Awards and Scholarships to the artist have included the Holland Scholarship, 2016; nomination for the Netherlands Fellowship Program, 2016; the Habitat Photosphere Award, New Delhi, India, the Leo Bronstein Homage Award, New York University, New York; and Johnson & Johnson ICP Fellowship Program, New York. She is currently an Actant/Awardee for Five Million Incidents, an Occupation of Time by the Goethe Institut/Max Muller, Bhavan New Delhi in collaboration with RAQS Media Collective.

Borawake’s SomoS Artist Residency follows previous residencies at Shifting Studios, TIFA, India in 2019, Bamboo Curtain Residency, Funded by the Ministry of Culture Taiwan, Taiwan, 2017, the Refracting Rooms KHOJ International Artists’ Workshop, Pune, India 2015, and Eddie Adams Workshop, USA 2009.

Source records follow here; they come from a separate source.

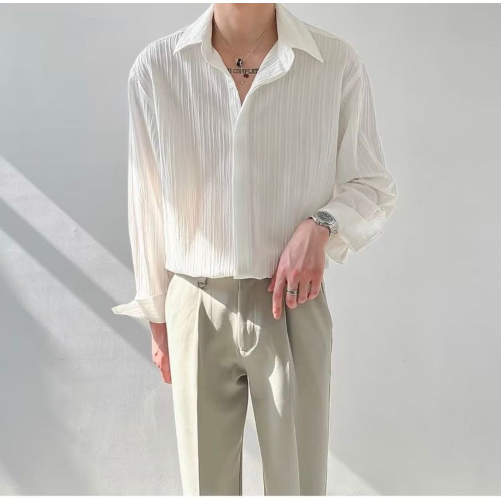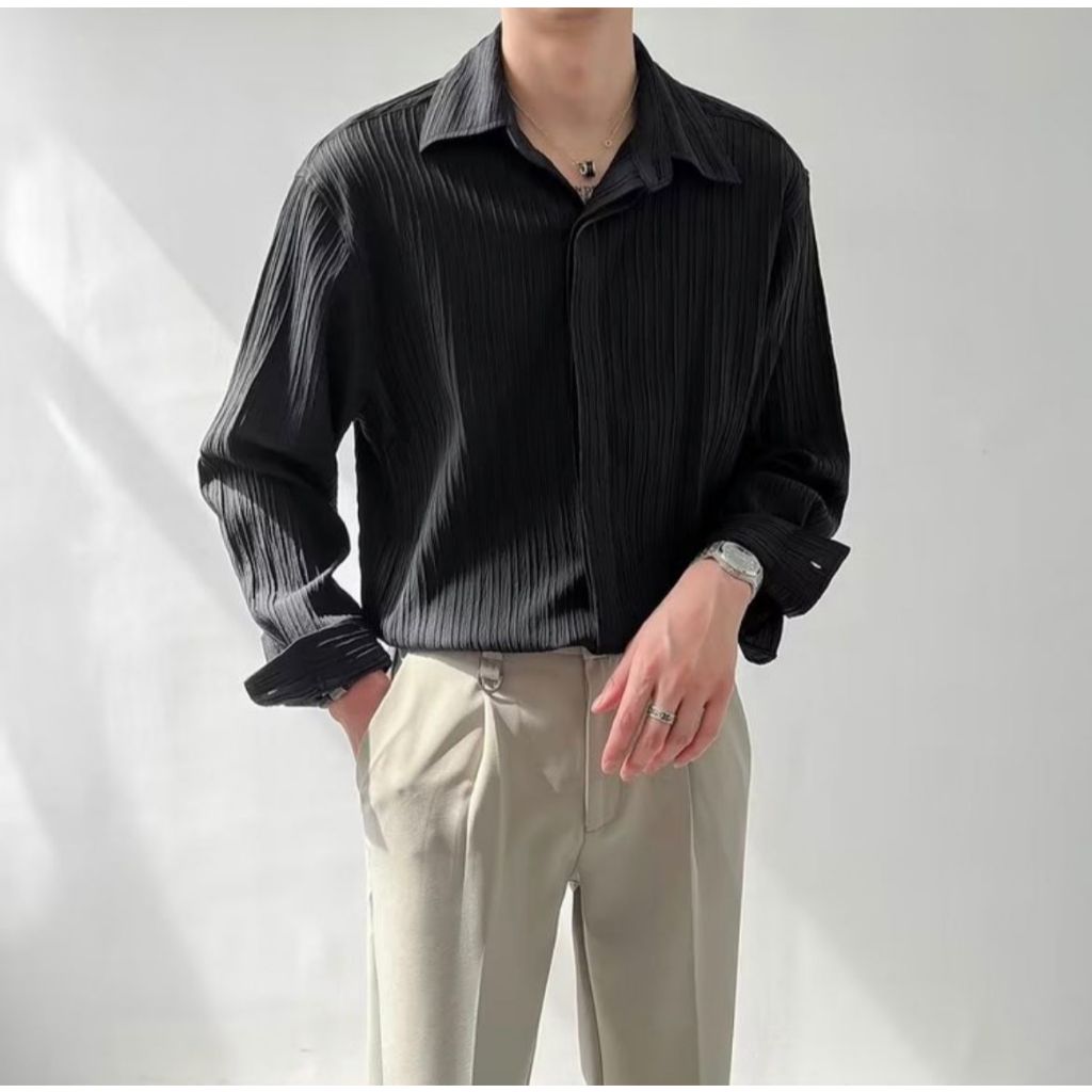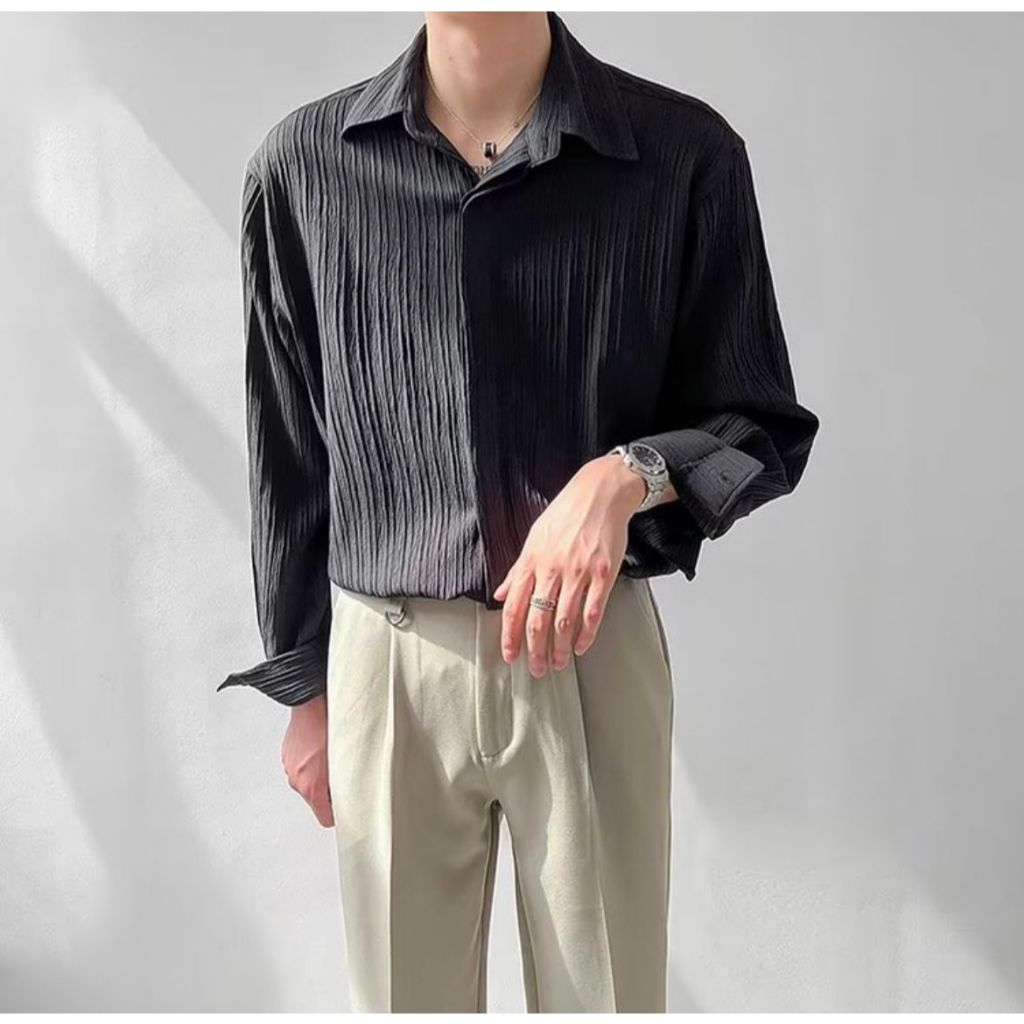 Kemeja Lengan Panjang Bahan Linen Korean Style Street Style Warna Hitam Putih Pria
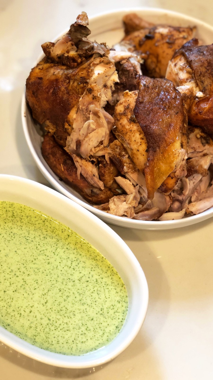 Peruvian chicken is juicy and packed with flavor and Aji Verde is the best dipping sauce to make this your go-to chicken recipe! (FYI, leftover Aji Verde is great with eggs!)
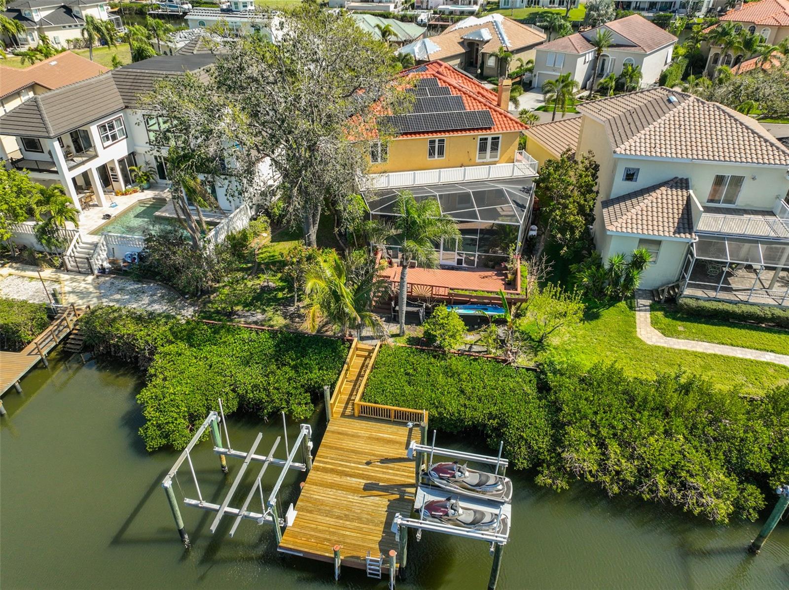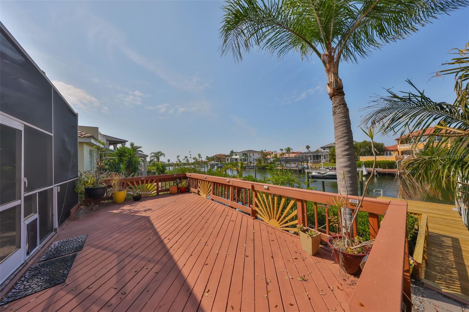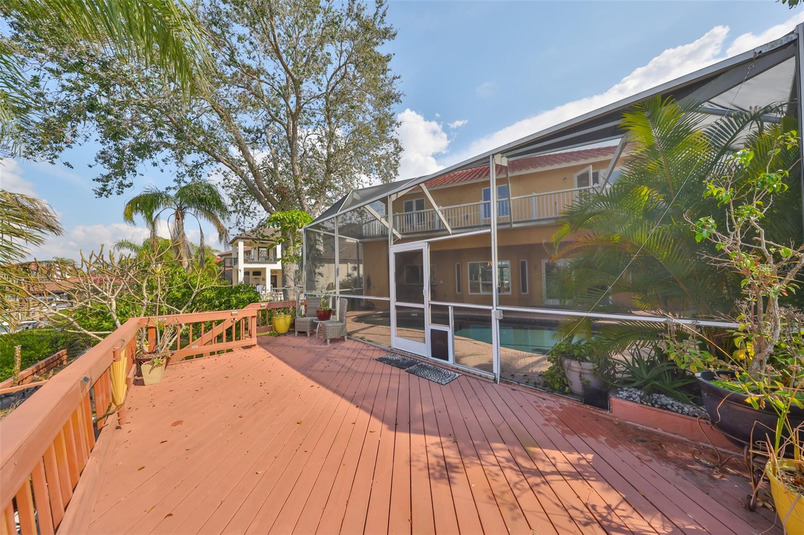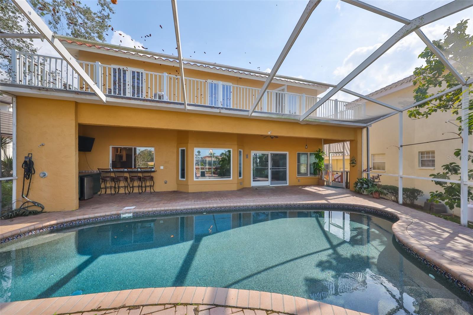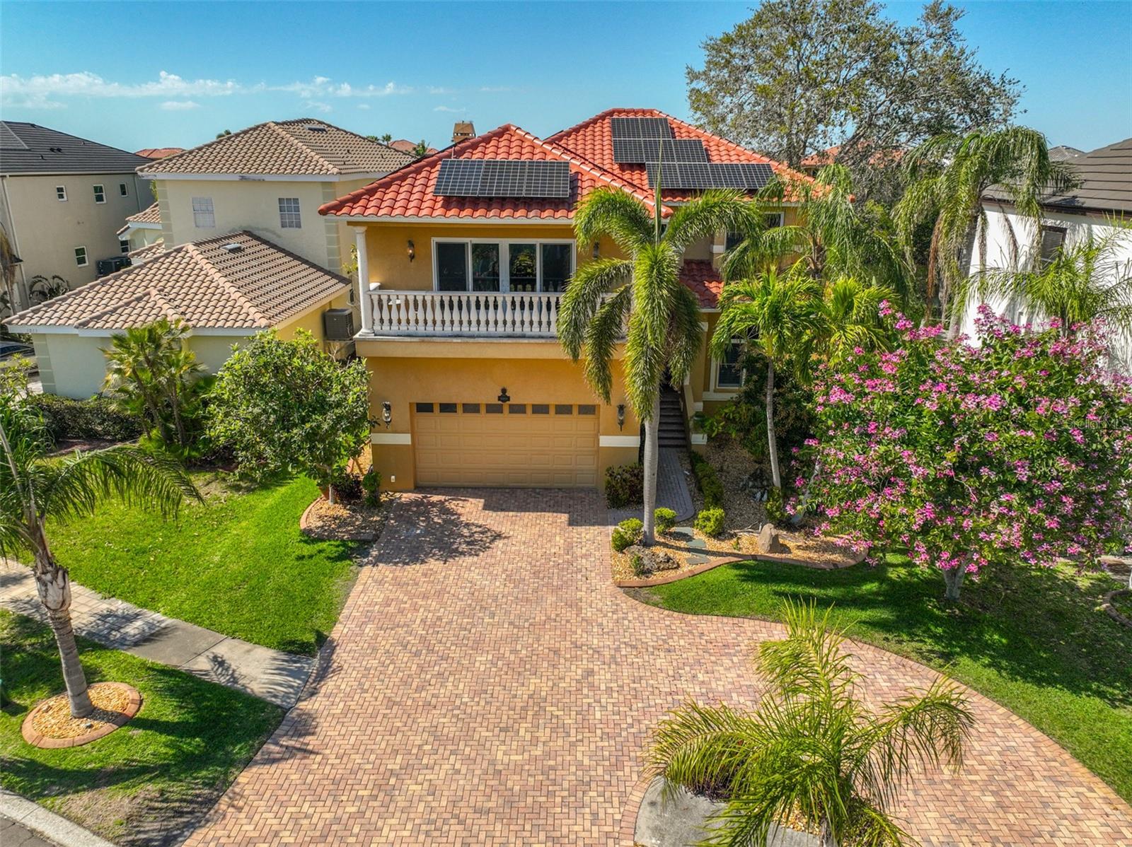 Discover your perfect oasis in the prestigious gated community of Symphony Isles! This gorgeous 5 bedrooms, 3 baths waterfront property features a brand new roof and a newly constructed wood dock, setting the stage for an idyllic lifestyle. As you approach, you'll be captivated by the circular paver driveway and lush landscaping that enhances the home's impressive curb appeal. Step through the elegant glass and wood double doors and be welcomed by a stunning iron spindle staircase, leading you into spacious formal living and dining areas. The expansive family room, complete with a cozy wood-burning fireplace and rich hand-scraped wood floors, is perfect for gatherings. The open-concept kitchen is a chef's delight, showcasing white cabinetry with pull-out drawers, stainless steel appliances, and an exquisite granite countertop. Enjoy casual meals at the breakfast bar or utilize the large pantry for all your culinary needs. Sliding glass doors provide seamless access to the beautiful salt-chlorinated pool and deck, making it easy to enjoy sunny days outdoors. The luxurious master suite boasts two generous walk-in California closets and a spa-like bathroom featuring a jetted tub, a marble-tiled shower, dual sinks, and a private balcony that offers breathtaking views of the bay. An additional bonus room over the garage includes custom cabinetry, a wet bar, and space for a pool table, perfect for entertaining! This home is equipped with upgraded Anderson double-pane windows, crown molding in formal areas, and stylish lighting throughout. Additional features include an electric car charger, ample garage storage, two laundry rooms (one upstairs and one downstairs), and energy-efficient tankless water heaters. The downstairs guest suite provides convenient pool bath access, while outdoor amenities include a large wood deck for gatherings, two boat lifts (14,000 lbs and 10,000 lbs), and plenty of side yard space for your furry friends. Enjoy the benefits of an irrigation system fed by a well, along with a variety of fruit trees including mango, banana, avocado, lychee, peach, and orange. With solar panels, you'll save significantly on energy costs! Residents of Symphony Isles enjoy 24-hour manned security, a private beach, community pool, volleyball court, clubhouse for events, and numerous social activities, all just minutes from the bay. Don't miss out on the best boating experiences this community has to offer! Schedule your tour today!

Her work has been featured in many publications since 2001, such as Vogue, Elle, Nat Geo Traveller, The Hindu, Indian Express, Sakal Times, and Visual Arts Journal, to name a few.

The artist has received press coverage from Photosphere – Take On Art Magazine (Review), Art with Green Consciousness – The Asian Age (review), Lenscape Diaries – Pune Mirror, One version of our civilisation is known by the trash it leaves behind, India Times (feature), Beauty of a Heritage Blanket – The Hindu (feature).


Shraddha Borawake’s Artist Residency and research are supported by the Five Million Incidents grant of the Goethe Institute/Max Muller Bhavan New Delhi.